When a resident first enters the world there is necessarily a lot of focus on how things work. Moving through the process of learning how the software client works and how to do things in the world is a vital part of becoming a resident. When we are newborns in meatspace, we must first come to terms with the nature of being a physical being and learn how our own bodies work before we can act in that world. Likewise, when we enter Second Life we must learn how to be an avatar and how the world of the avatar works.

Second Life employs the client-server model. The simulations that make up the world are running on servers maintained by Linden Lab which residents use an application installed on their computer, known as client software, to connect to via the internet.

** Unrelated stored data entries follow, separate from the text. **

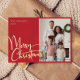 Festive Script Red Photo Merry Christmas Gold Foil Holiday Card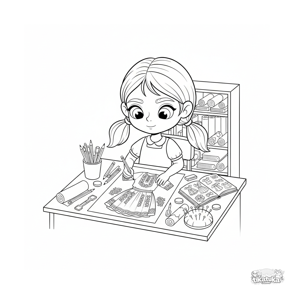 Página para colorir criativa para 10-12 anos: menina desenhando esboço de traje folk em sua escrivaninha. Estilo doodle caderno, muitos detalhes do processo criativo.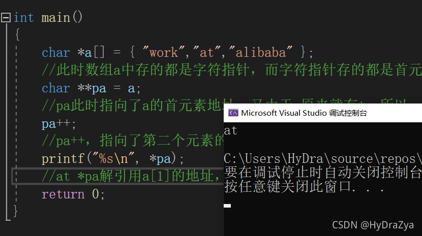 //pa++,指向了第二个元素的地址,也就是a[1]的地址,a[1]内部存放"at"常量字符串的首地址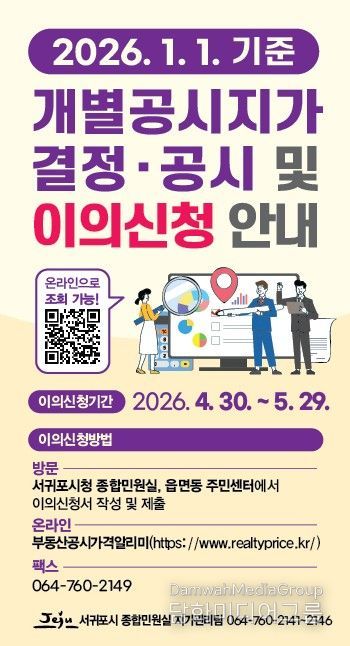 시민행정신문 강갑수 기자 | 서귀포시는 2026년 1월 1일 기준 개별공시지가를 4월 30일 결정·공시한다.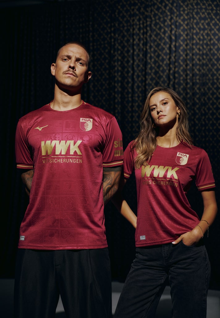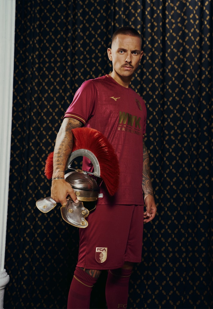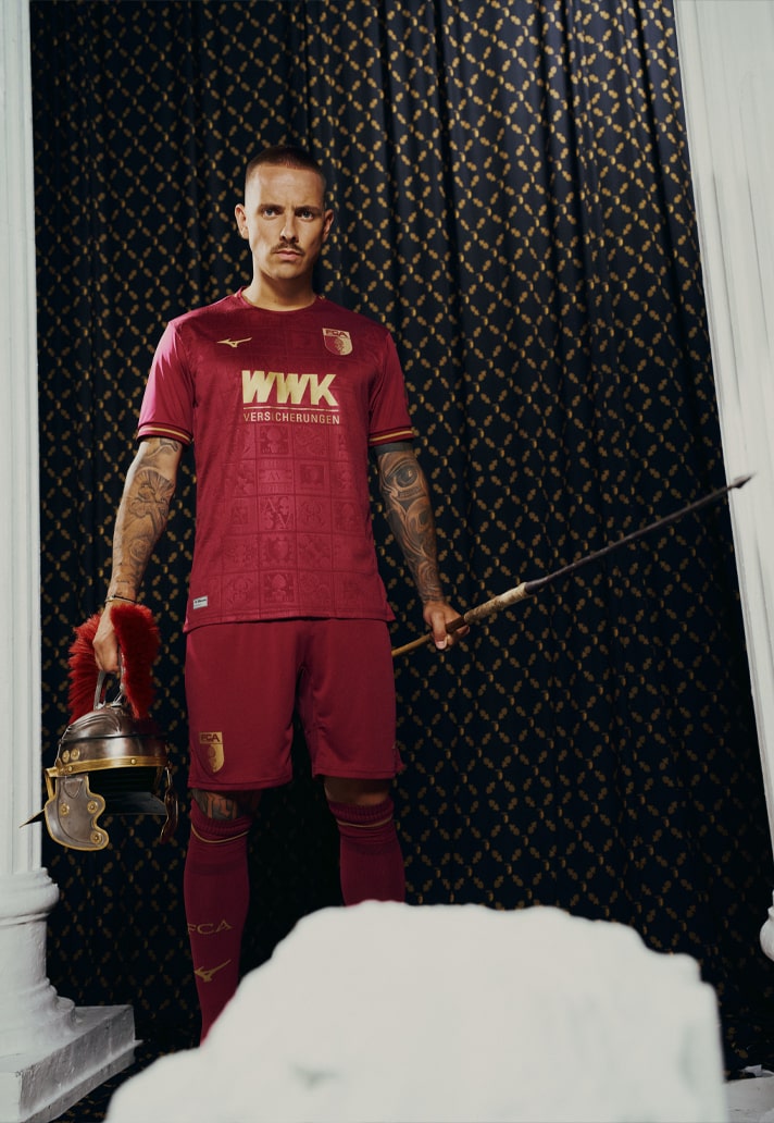 “The Roman kit is without doubt the centrepiece of this season’s collection and really crowns a great kit line-up,” explained FCA CEO Michael Ströll. “The noble-looking combination of Bordeaux and gold gives the shirt elegance and exclusivity that is sure to shine both on and off the pitch. It symbolises the connection between FC Augsburg and the history of the city of Augsburg and will no doubt be a big hit with both players and fans.”

Linden Lab’s client is known as the Second Life Viewer1. There are also a number of third party viewers2 that can be used to connect to the Second Life servers.

During the time of my research I used first the Emerald Viewer, and, after Emerald’s removal from the approved viewers list due to the discovery of backdoors that compromised the client3 I changed to the Phoenix Viewer (see figure 6)4.

figure 6. Phoenix viewer version 1.61.1691

In virtual worlds there exists what Castronova5 describes as the fun economy, which is where games and virtual worlds seek to attract and retain players and residents and thus have fun as their primary imperative. For why would one play a game, or engage with a virtual world, in which the activities one participates in are not fun?

Harambam et al. predict that “the modern dichotomy of a free realm of play and an unfree realm of work may become increasingly problematic”6. This is exactly what Castronova7 posits will be the future of work, and indeed politics, in that those who have grown up participating in virtual worlds and games, being accustomed to developers responding to their fun requirement will expect the same from their meatspace employers and leaders. Harambam et al. further cite Dibble;

“Dibble even goes so far as to argue that ‘play’ constitutes the new rejuvenating force in stifled and fossilized capitalism. We seem to be entering, he argues playfully, partly serious, a new era of ‘ludocapitalism’ that transcends modern distinctions such as work versus leisure and profit versus fun.”8

Honestly, this seems like a dystopian nightmare, where corporations try to gamify their workplaces and reward employees with meaningless certificates and pizza parties instead of boosting wages. A nightmare which is already happening.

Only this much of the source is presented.